START Data supplied

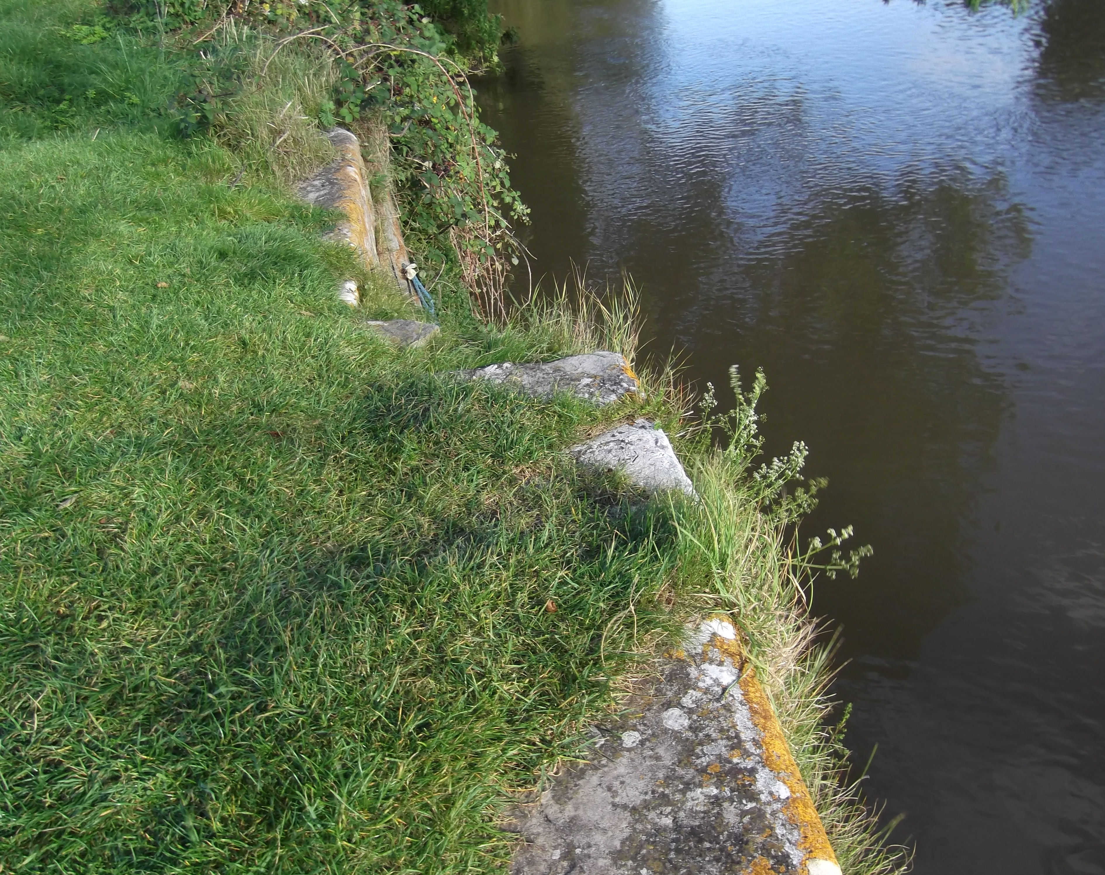 The remaining structure of the Keynsham Wharf of the Avon & Gloucestershire Railway, England
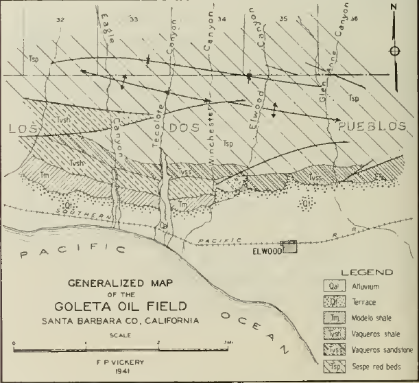 Goleta Oil Field Geologic Map
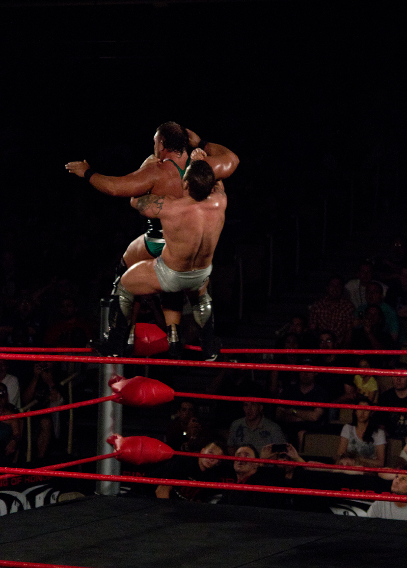 Davey Richards performing a German suplex (belly to back) from the top rope to Michael Elgin at Showdown in the Sun
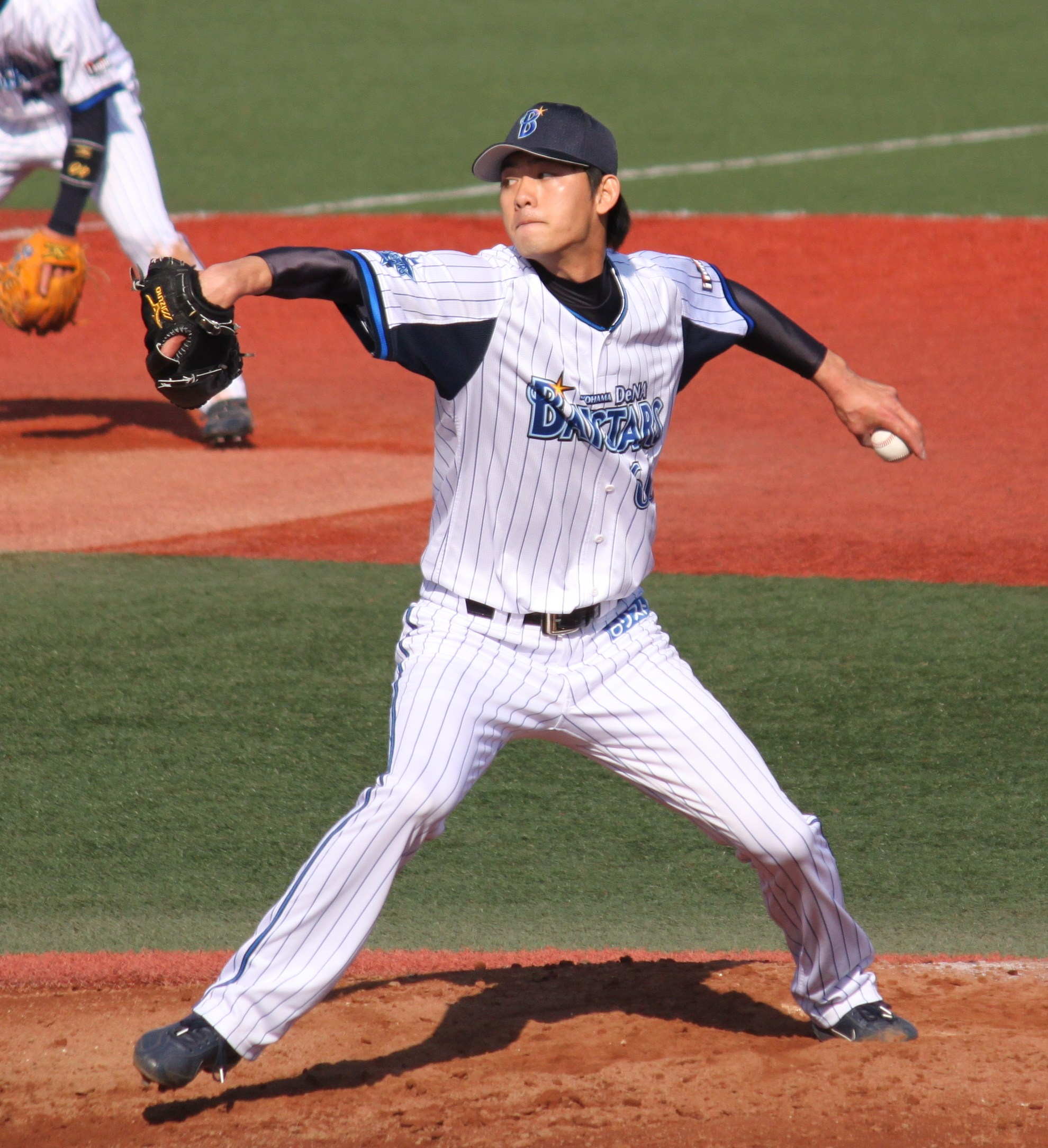 I-Cheng Wang, pitcher of the Yokohama DeNA BayStars, at Yokosuka Stadium.
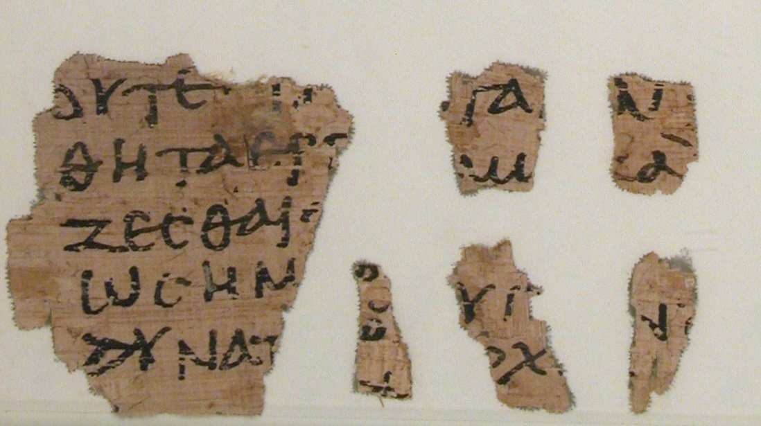 Papyrus 128 recto, showing John 9:3-4
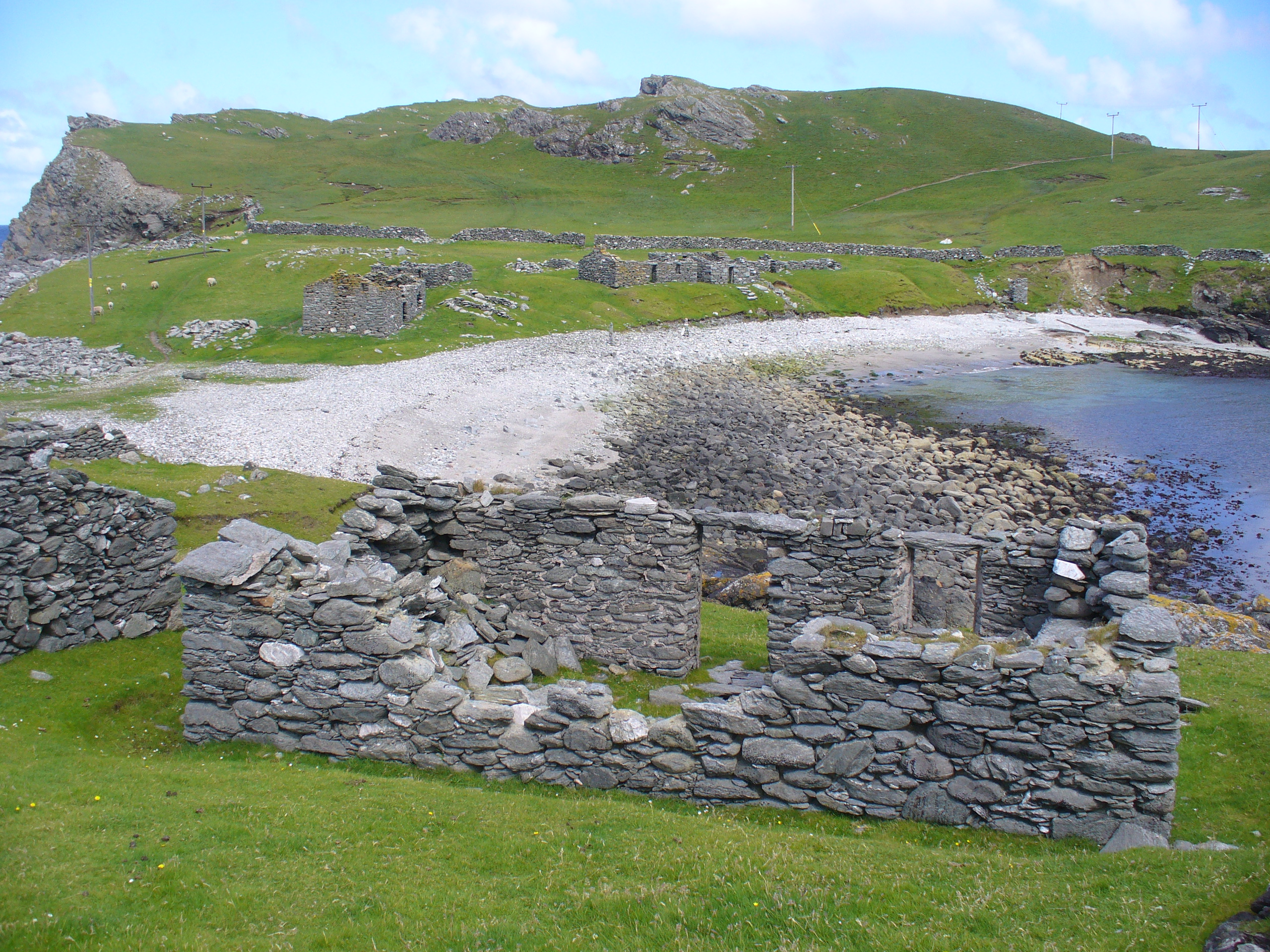 Ruins at Fethaland
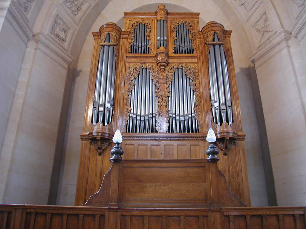 Cavaillé-Coll organ of the parisian church : Val-de-Grâce

END Data supplied

◆ Requirement: With pictures excluded, output the listing above exactly as it stands.

◆ Answer to this problem:
 The remaining structure of the Keynsham Wharf of the Avon & Gloucestershire Railway, England
 Goleta Oil Field Geologic Map
 Davey Richards performing a German suplex (belly to back) from the top rope to Michael Elgin at Showdown in the Sun
 I-Cheng Wang, pitcher of the Yokohama DeNA BayStars, at Yokosuka Stadium.
 Papyrus 128 recto, showing John 9:3-4
 Ruins at Fethaland
 Cavaillé-Coll organ of the parisian church : Val-de-Grâce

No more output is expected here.